The real you . . .

Light bulb3Ever heard of the imposter syndrome? I bet Mark Furness has.

Surviving for a while only on cereal, and earning a meagre, but honest and necessary, living working in a Thai takeaway, he had ambition to do something else.
And after a long, hard slog, with support from many others, he achieved that ambition by setting up his own IT outsourcing company – a company which now has 6,000 UK clients in the UK, and is rapidly expanding its growth into the US.  It employs over 99 people, and has achieved an annual turnover of more than £12m, with yearly 5-fold annual growth.
So, success in abundance, and all looking rosy in Mr F’s world? Well yes … and maybe no.
The best thing I heard about this wonderful rise to fame, rags to riches, hard-work, business success story was that Mr Furness has had to overcome some insecurities to get where he is now.

“I always had a fear of being found out… that I had made it up as I have gone along,” he says.

 How wonderfully honest and humble and brave.
I know a few people who I guess might feel a little like Mr Furness.
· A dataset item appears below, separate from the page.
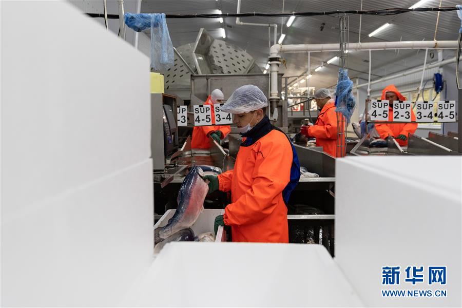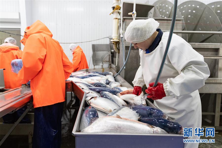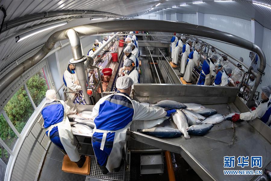 9月13日,在俄羅斯摩爾曼斯克,俄羅斯水產(chǎn)養(yǎng)殖公司工作人員在車(chē)間處理鮭魚(yú)。 新華社記者白雪騏攝

They’re brilliantly talented people, much admired by all (if only they’d believe it), with proof of their excellence being their ability to having held down a fabulous job in a very demanding, competitive industry without . . . being found out.
For the only thing to find out about them is that they have the capacity to be even more marvellous.
That is, of course, if the imposter syndrome doesn’t take hold and destroy their chance.
Being modest about your achievements is a good thing – it’s a trait that I firmly believe makes for some of the best leaders, those who don’t need to boast about their talents or skills.  You definitely know one of these leaders when you meet them.
But not acknowledging your own talents, or worse still believing that others can’t possibly see them, can be destructive, demotivating and dispiriting – they’re not the qualities most of us look for in our leaders.
So lest you are in danger of letting that imposter syndrome take hold of you and blight what you do today or tomorrow, please can I encourage you to ask yourself just one very simple question:

Where is my evidence that I’m NOT fabulous?

 It’s a great question, isn’t it. What is your truth?